[Work instructions]
No pictures go into the output, which should consist only of the lines from the first line of the data through the line with "Featuring a red", copied exactly.

[Dataset extract]
▬▬▬

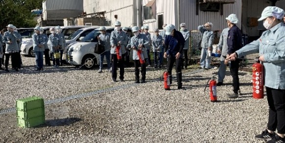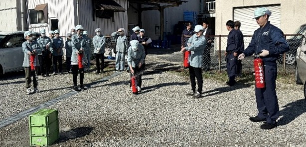 2025年10月23日(木)、プラネット大阪工場にて工場内より出火を想定した避難訓練を実施しました!社員、パートさん、その日の派遣さんを含めて、全員参加で行いました👭非常ベルが鳴ると、避難指示に従い避難場所である駐車場へ速やかに避難。避難後は点呼をして、全員の無事を確認しました。 その後は、消火器の使用練習を実施🧯🔥火元を想定した緑のコンテナに向けて、水の入った消火器を使った消化訓練を行いました。
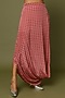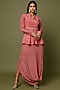 Featuring a red peplum top in crepe silk base with print. It is paired with a matching draped skirt.
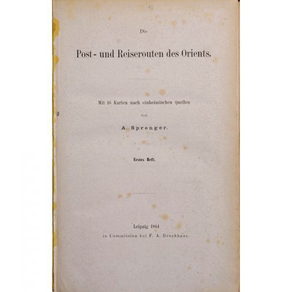 Avusturyalı/Alman doğubilimci ve İslam araştırmacısı Aloys (Alois) Sprenger´in (1813–1893), Orta Doğu’nun tarihi posta yolları, seyahat güzergâhları ve ulaşım ağları üzerine kaleme aldığı ve 16 adet katlanır harita ile desteklediği çalışması.

▬▬▬

[Result of the task]
 2025年10月23日(木)、プラネット大阪工場にて工場内より出火を想定した避難訓練を実施しました!社員、パートさん、その日の派遣さんを含めて、全員参加で行いました👭非常ベルが鳴ると、避難指示に従い避難場所である駐車場へ速やかに避難。避難後は点呼をして、全員の無事を確認しました。 その後は、消火器の使用練習を実施🧯🔥火元を想定した緑のコンテナに向けて、水の入った消火器を使った消化訓練を行いました。
 Featuring a red peplum top in crepe silk base with print. It is paired with a matching draped skirt.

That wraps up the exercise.